## WHAT TO DO
What you return must be the full listing, word for word, with no images in it.

## GIVEN INFORMATION
BEGIN

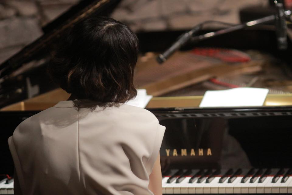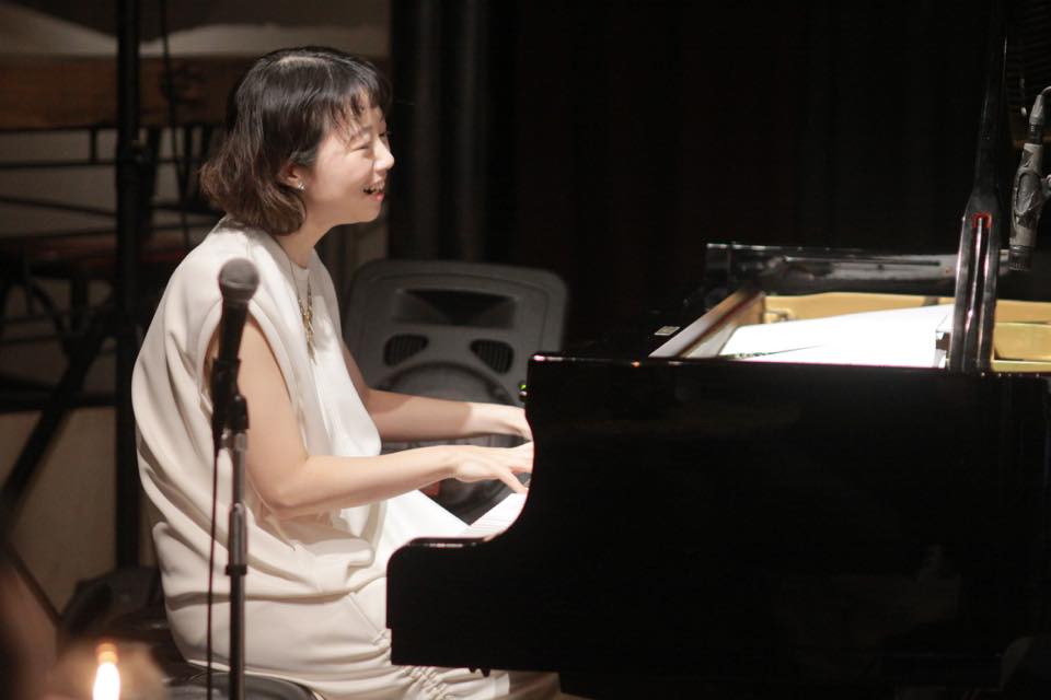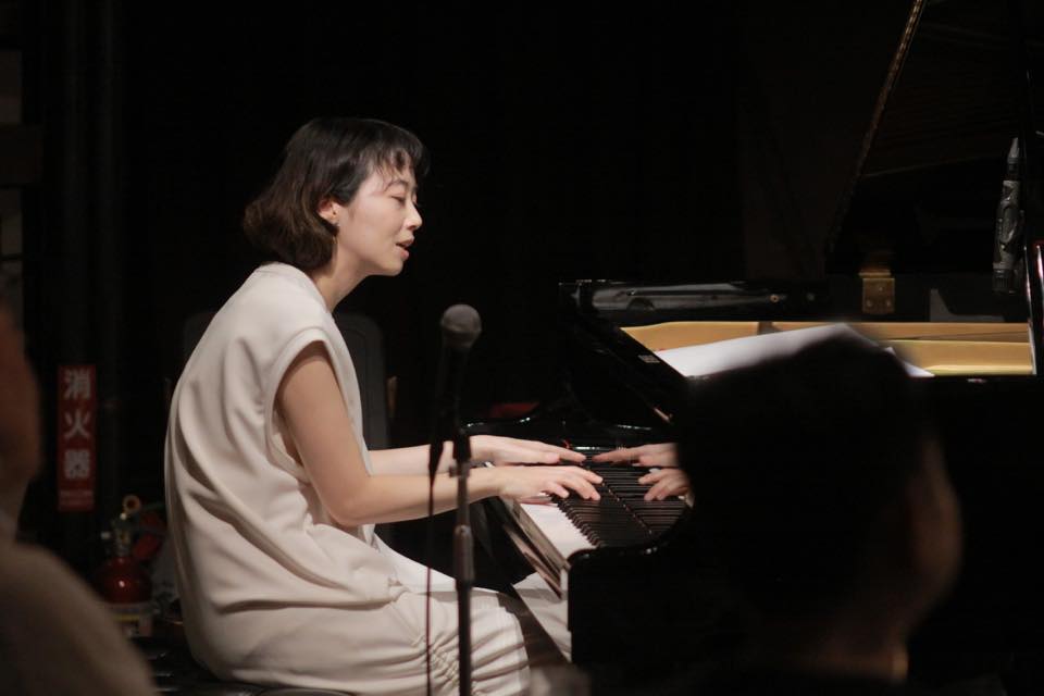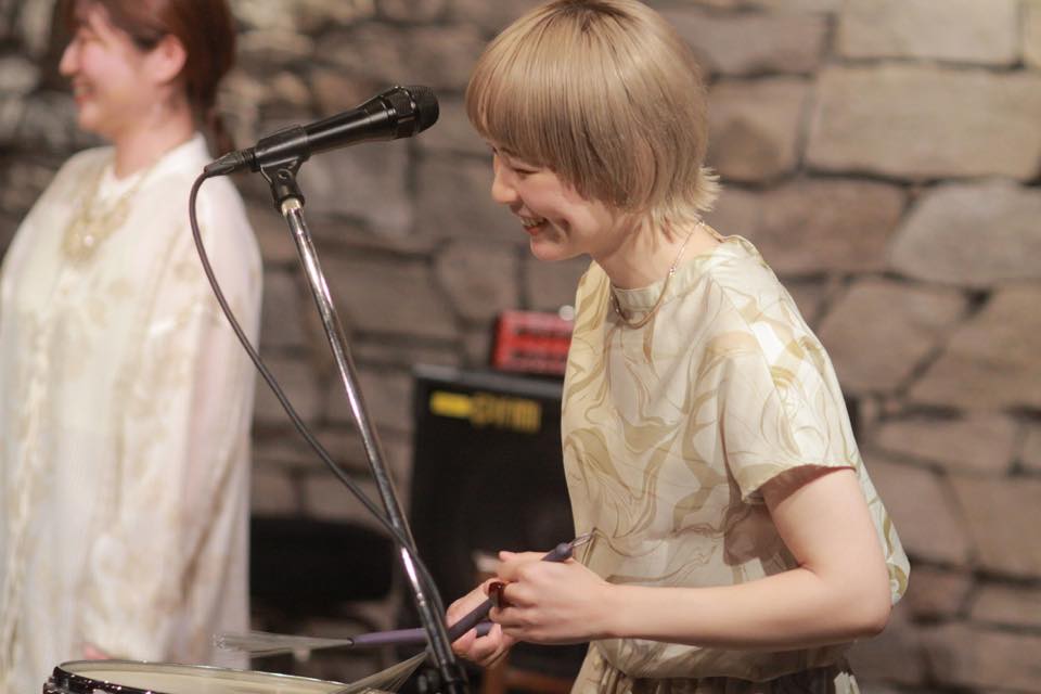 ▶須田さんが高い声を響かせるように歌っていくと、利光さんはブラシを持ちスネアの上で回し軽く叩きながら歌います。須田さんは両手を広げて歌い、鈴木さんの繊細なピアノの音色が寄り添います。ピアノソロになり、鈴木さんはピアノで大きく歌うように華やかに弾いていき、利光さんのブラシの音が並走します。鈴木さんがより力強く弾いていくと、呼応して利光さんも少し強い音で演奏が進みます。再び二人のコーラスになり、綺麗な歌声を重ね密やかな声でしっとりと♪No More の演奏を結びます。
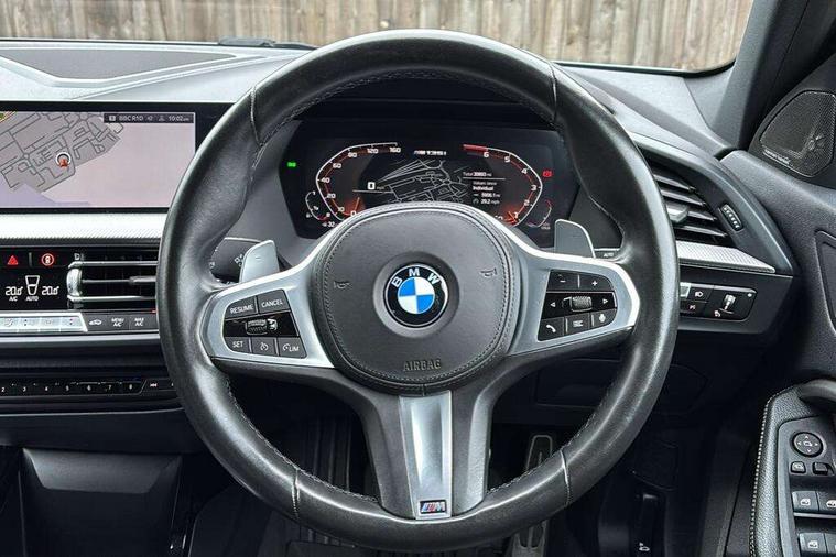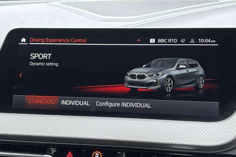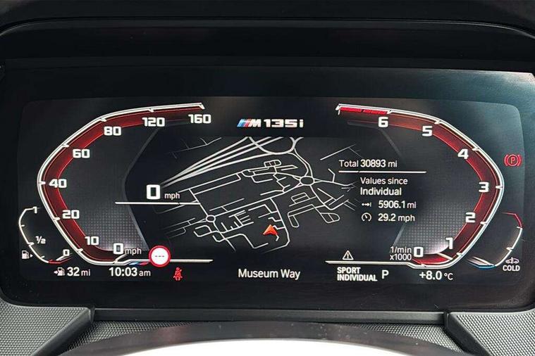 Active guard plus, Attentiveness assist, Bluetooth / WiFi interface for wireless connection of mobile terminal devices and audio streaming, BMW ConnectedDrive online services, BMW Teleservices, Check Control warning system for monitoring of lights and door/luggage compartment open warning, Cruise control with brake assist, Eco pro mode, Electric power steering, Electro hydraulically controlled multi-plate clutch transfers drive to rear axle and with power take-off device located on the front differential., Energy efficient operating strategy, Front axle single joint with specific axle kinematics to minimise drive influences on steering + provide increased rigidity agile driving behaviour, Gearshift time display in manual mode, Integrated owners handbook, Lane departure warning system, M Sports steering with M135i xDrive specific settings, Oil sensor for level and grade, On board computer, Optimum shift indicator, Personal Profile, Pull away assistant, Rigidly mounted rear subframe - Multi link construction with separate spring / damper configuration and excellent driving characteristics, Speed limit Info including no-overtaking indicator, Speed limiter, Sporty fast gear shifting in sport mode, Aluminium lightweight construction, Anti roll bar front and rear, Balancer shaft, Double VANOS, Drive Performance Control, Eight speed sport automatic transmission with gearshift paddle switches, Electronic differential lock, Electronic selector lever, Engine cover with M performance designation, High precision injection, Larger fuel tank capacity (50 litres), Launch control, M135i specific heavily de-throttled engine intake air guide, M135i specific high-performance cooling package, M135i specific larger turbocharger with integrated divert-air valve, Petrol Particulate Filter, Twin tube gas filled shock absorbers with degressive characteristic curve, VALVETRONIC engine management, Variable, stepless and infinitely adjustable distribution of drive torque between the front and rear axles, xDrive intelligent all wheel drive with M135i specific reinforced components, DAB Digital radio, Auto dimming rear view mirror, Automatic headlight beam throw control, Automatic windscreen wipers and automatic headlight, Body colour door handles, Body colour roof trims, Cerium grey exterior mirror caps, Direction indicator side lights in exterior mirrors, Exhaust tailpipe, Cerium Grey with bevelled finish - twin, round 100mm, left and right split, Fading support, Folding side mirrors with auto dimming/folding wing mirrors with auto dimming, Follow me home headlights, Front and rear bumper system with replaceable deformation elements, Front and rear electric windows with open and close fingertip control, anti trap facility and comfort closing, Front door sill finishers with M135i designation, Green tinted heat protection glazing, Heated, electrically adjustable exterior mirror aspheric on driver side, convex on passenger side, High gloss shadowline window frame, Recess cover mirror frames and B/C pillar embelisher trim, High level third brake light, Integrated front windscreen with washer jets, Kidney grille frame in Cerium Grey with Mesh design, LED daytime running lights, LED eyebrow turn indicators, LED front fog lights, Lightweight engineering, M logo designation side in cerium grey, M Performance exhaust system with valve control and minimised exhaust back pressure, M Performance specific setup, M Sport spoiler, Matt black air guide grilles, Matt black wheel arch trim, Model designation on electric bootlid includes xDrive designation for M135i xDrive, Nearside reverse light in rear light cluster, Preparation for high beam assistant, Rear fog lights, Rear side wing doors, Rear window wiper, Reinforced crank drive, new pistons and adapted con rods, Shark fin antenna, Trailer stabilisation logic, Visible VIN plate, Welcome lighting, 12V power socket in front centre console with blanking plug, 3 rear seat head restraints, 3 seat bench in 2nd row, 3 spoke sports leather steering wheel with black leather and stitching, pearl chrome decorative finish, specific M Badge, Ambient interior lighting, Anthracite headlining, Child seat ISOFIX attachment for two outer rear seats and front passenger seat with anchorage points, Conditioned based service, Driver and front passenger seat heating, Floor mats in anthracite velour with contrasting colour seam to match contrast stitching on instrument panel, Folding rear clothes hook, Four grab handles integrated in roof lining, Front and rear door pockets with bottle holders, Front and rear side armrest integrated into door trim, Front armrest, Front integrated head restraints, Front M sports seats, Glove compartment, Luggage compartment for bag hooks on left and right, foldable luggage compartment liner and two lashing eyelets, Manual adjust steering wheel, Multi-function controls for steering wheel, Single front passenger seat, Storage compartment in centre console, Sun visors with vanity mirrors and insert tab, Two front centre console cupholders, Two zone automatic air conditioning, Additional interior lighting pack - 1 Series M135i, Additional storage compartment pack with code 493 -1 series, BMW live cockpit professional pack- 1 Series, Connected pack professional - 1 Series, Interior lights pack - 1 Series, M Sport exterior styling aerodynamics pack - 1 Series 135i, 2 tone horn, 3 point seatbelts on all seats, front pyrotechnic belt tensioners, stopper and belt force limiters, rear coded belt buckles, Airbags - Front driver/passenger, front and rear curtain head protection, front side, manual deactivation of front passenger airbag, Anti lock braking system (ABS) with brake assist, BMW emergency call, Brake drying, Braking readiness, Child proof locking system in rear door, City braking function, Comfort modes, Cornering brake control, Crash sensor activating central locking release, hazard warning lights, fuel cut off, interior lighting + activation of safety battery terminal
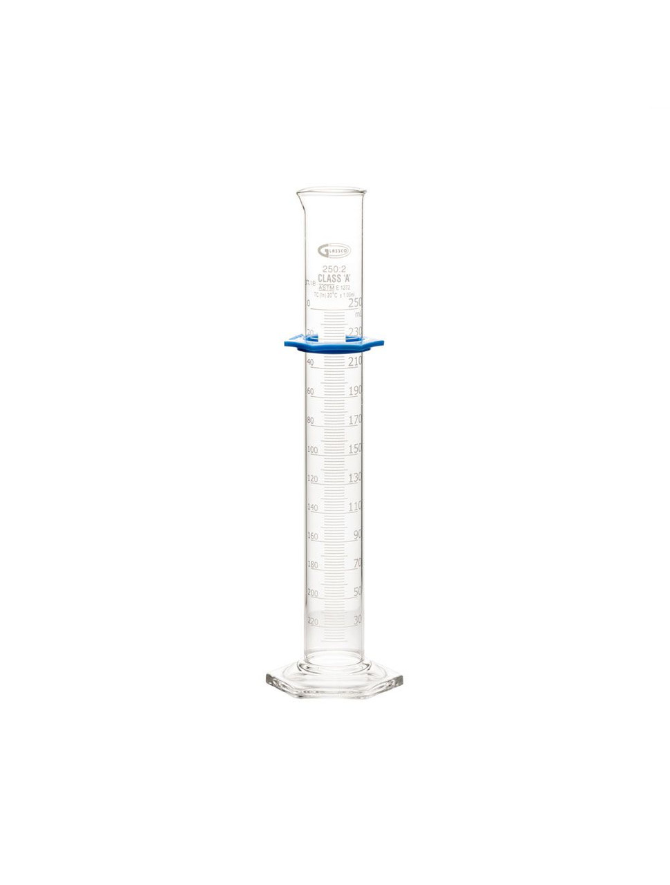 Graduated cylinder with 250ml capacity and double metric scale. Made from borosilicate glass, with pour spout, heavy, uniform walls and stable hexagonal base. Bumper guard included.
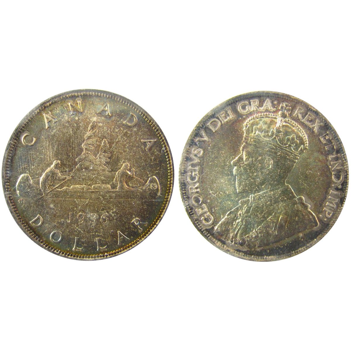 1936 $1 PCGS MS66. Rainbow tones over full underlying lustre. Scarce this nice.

END

## WRITTEN ANSWER
 ▶須田さんが高い声を響かせるように歌っていくと、利光さんはブラシを持ちスネアの上で回し軽く叩きながら歌います。須田さんは両手を広げて歌い、鈴木さんの繊細なピアノの音色が寄り添います。ピアノソロになり、鈴木さんはピアノで大きく歌うように華やかに弾いていき、利光さんのブラシの音が並走します。鈴木さんがより力強く弾いていくと、呼応して利光さんも少し強い音で演奏が進みます。再び二人のコーラスになり、綺麗な歌声を重ね密やかな声でしっとりと♪No More の演奏を結びます。
 Active guard plus, Attentiveness assist, Bluetooth / WiFi interface for wireless connection of mobile terminal devices and audio streaming, BMW ConnectedDrive online services, BMW Teleservices, Check Control warning system for monitoring of lights and door/luggage compartment open warning, Cruise control with brake assist, Eco pro mode, Electric power steering, Electro hydraulically controlled multi-plate clutch transfers drive to rear axle and with power take-off device located on the front differential., Energy efficient operating strategy, Front axle single joint with specific axle kinematics to minimise drive influences on steering + provide increased rigidity agile driving behaviour, Gearshift time display in manual mode, Integrated owners handbook, Lane departure warning system, M Sports steering with M135i xDrive specific settings, Oil sensor for level and grade, On board computer, Optimum shift indicator, Personal Profile, Pull away assistant, Rigidly mounted rear subframe - Multi link construction with separate spring / damper configuration and excellent driving characteristics, Speed limit Info including no-overtaking indicator, Speed limiter, Sporty fast gear shifting in sport mode, Aluminium lightweight construction, Anti roll bar front and rear, Balancer shaft, Double VANOS, Drive Performance Control, Eight speed sport automatic transmission with gearshift paddle switches, Electronic differential lock, Electronic selector lever, Engine cover with M performance designation, High precision injection, Larger fuel tank capacity (50 litres), Launch control, M135i specific heavily de-throttled engine intake air guide, M135i specific high-performance cooling package, M135i specific larger turbocharger with integrated divert-air valve, Petrol Particulate Filter, Twin tube gas filled shock absorbers with degressive characteristic curve, VALVETRONIC engine management, Variable, stepless and infinitely adjustable distribution of drive torque between the front and rear axles, xDrive intelligent all wheel drive with M135i specific reinforced components, DAB Digital radio, Auto dimming rear view mirror, Automatic headlight beam throw control, Automatic windscreen wipers and automatic headlight, Body colour door handles, Body colour roof trims, Cerium grey exterior mirror caps, Direction indicator side lights in exterior mirrors, Exhaust tailpipe, Cerium Grey with bevelled finish - twin, round 100mm, left and right split, Fading support, Folding side mirrors with auto dimming/folding wing mirrors with auto dimming, Follow me home headlights, Front and rear bumper system with replaceable deformation elements, Front and rear electric windows with open and close fingertip control, anti trap facility and comfort closing, Front door sill finishers with M135i designation, Green tinted heat protection glazing, Heated, electrically adjustable exterior mirror aspheric on driver side, convex on passenger side, High gloss shadowline window frame, Recess cover mirror frames and B/C pillar embelisher trim, High level third brake light, Integrated front windscreen with washer jets, Kidney grille frame in Cerium Grey with Mesh design, LED daytime running lights, LED eyebrow turn indicators, LED front fog lights, Lightweight engineering, M logo designation side in cerium grey, M Performance exhaust system with valve control and minimised exhaust back pressure, M Performance specific setup, M Sport spoiler, Matt black air guide grilles, Matt black wheel arch trim, Model designation on electric bootlid includes xDrive designation for M135i xDrive, Nearside reverse light in rear light cluster, Preparation for high beam assistant, Rear fog lights, Rear side wing doors, Rear window wiper, Reinforced crank drive, new pistons and adapted con rods, Shark fin antenna, Trailer stabilisation logic, Visible VIN plate, Welcome lighting, 12V power socket in front centre console with blanking plug, 3 rear seat head restraints, 3 seat bench in 2nd row, 3 spoke sports leather steering wheel with black leather and stitching, pearl chrome decorative finish, specific M Badge, Ambient interior lighting, Anthracite headlining, Child seat ISOFIX attachment for two outer rear seats and front passenger seat with anchorage points, Conditioned based service, Driver and front passenger seat heating, Floor mats in anthracite velour with contrasting colour seam to match contrast stitching on instrument panel, Folding rear clothes hook, Four grab handles integrated in roof lining, Front and rear door pockets with bottle holders, Front and rear side armrest integrated into door trim, Front armrest, Front integrated head restraints, Front M sports seats, Glove compartment, Luggage compartment for bag hooks on left and right, foldable luggage compartment liner and two lashing eyelets, Manual adjust steering wheel, Multi-function controls for steering wheel, Single front passenger seat, Storage compartment in centre console, Sun visors with vanity mirrors and insert tab, Two front centre console cupholders, Two zone automatic air conditioning, Additional interior lighting pack - 1 Series M135i, Additional storage compartment pack with code 493 -1 series, BMW live cockpit professional pack- 1 Series, Connected pack professional - 1 Series, Interior lights pack - 1 Series, M Sport exterior styling aerodynamics pack - 1 Series 135i, 2 tone horn, 3 point seatbelts on all seats, front pyrotechnic belt tensioners, stopper and belt force limiters, rear coded belt buckles, Airbags - Front driver/passenger, front and rear curtain head protection, front side, manual deactivation of front passenger airbag, Anti lock braking system (ABS) with brake assist, BMW emergency call, Brake drying, Braking readiness, Child proof locking system in rear door, City braking function, Comfort modes, Cornering brake control, Crash sensor activating central locking release, hazard warning lights, fuel cut off, interior lighting + activation of safety battery terminal
 Graduated cylinder with 250ml capacity and double metric scale. Made from borosilicate glass, with pour spout, heavy, uniform walls and stable hexagonal base. Bumper guard included.
 1936 $1 PCGS MS66. Rainbow tones over full underlying lustre. Scarce this nice.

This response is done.